Chronic inflammation is common in tumor specimens from prostatectomy, transurethral resection of the prostate, and biopsy samples.7, 10, 24 In line with previous reports,12, 14, 34 our study revealed a high degree of infiltration of both Thelper cells as determined by CD4 expression and Tcytotoxic cells as determined by CD8 expression. The present study also demonstrates that IHC markers of inflammation are positively related to histopathological classification of inflammation, as all of the three T-cell subtypes were positively associated with the presence of moderate/severe chronic inflammation. In future studies, it will also be important to consider the potential sources of the common occurrence of prostatic inflammation. Bacteria are well-known to trigger infection and subsequently inflammatory response. Recent reports have identified Propionibacterium acnes as the most frequently observed bacterium in prostate tissue from men with prostate cancer.35, 36 The results obtained in the present study support the importance of continued investigation regarding the role of infectious agents and other modifiable contributors of prostatic inflammation in prostate cancer development and progression.
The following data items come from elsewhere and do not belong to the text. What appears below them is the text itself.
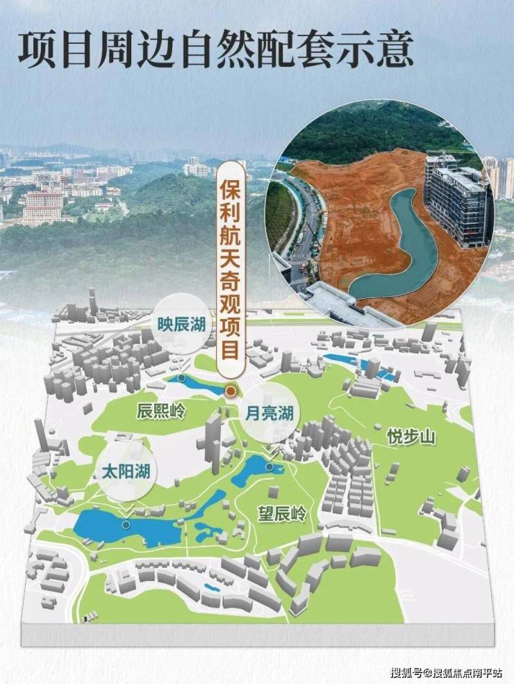 其东西跨度近300米,被保利航天奇观项目环抱其中,红线内所有建筑均围绕映辰湖打造。
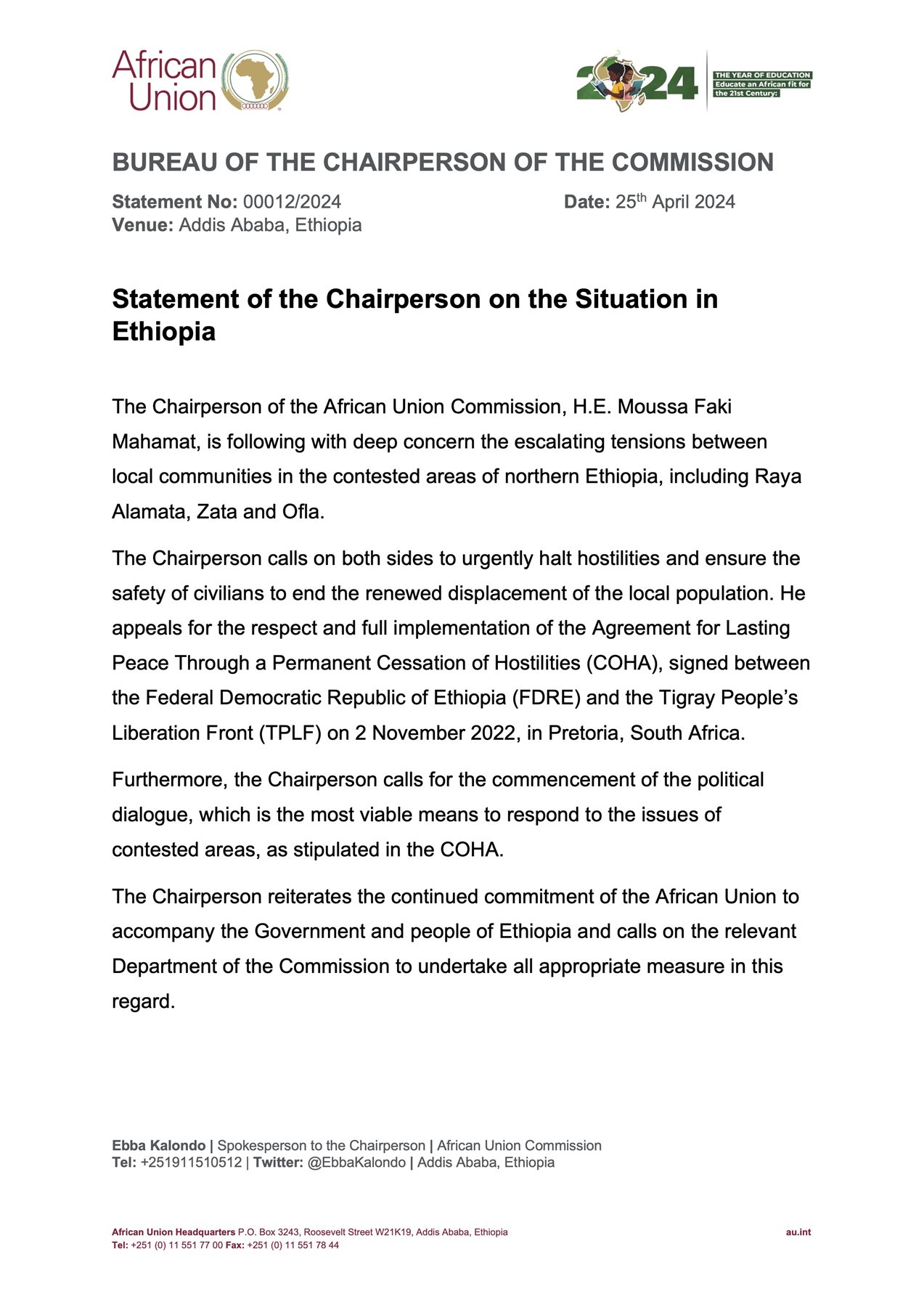 طبقًا لـ بيان، ودعا رئيس مفوضية الاتحاد الأفريقي موسى فقي محمد، يوم الجمعة، "الجانبين إلى وقف الأعمال العدائية بشكل عاجل وضمان سلامة المدنيين لإنهاء النزوح المتجدد للسكان المحليين".
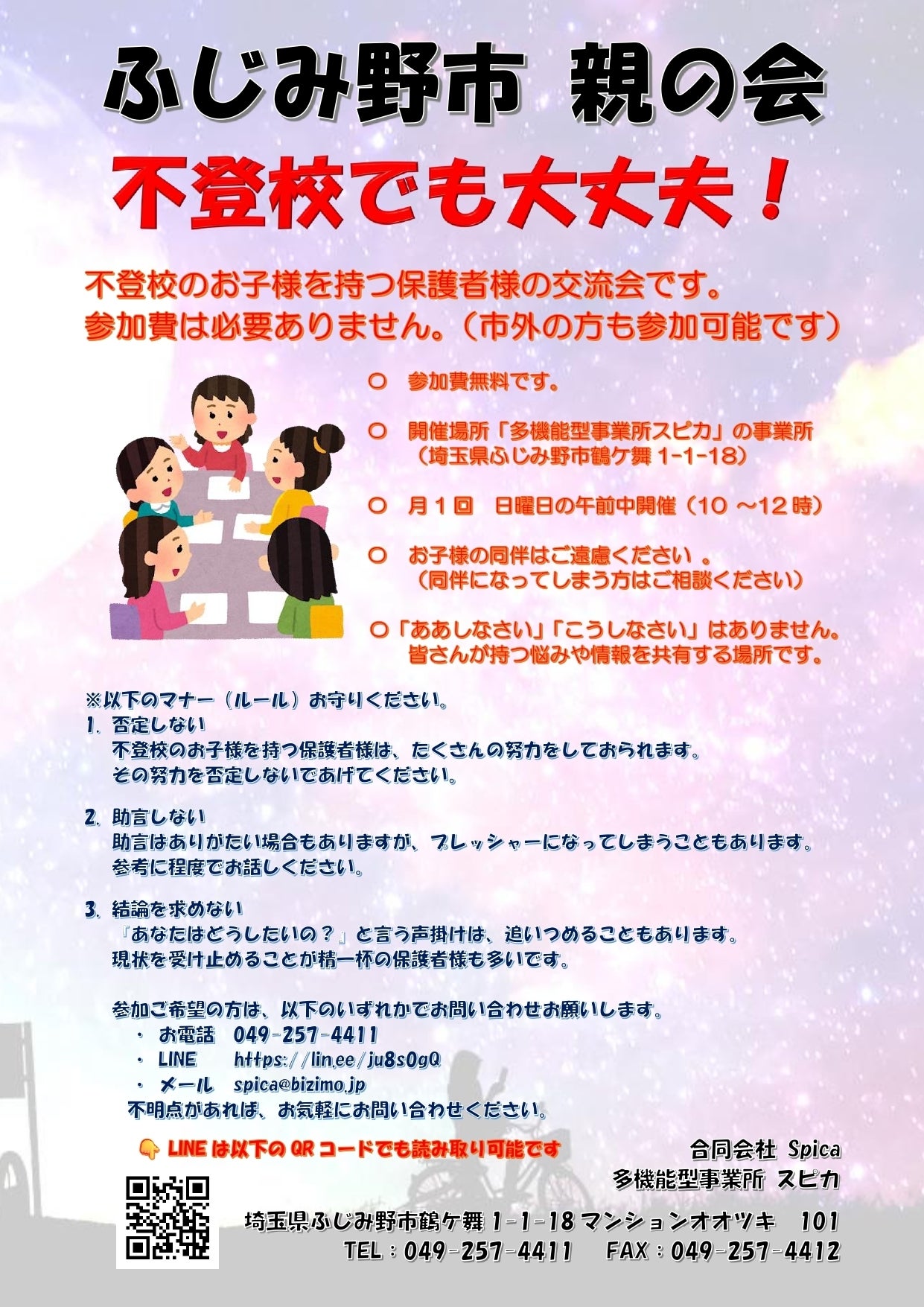 報告が遅くなりましたが、先週の土曜日はスピカで「不登校の親の会」を実施しました。

In summary, our data provide evidence that men with greater numbers of CD4+ Tregs in their prostate tumor environment have an increased risk of dying of their disease. In addition, the outcome of the disease in men with evidence of post-atrophic hyperplasia varies according to the number of CD4 helper T cells present. Our findings suggest that identification of CD4+ Tregs in tumor tissue predicts clinically relevant prostate cancer at time of diagnosis independently of other clinical factors.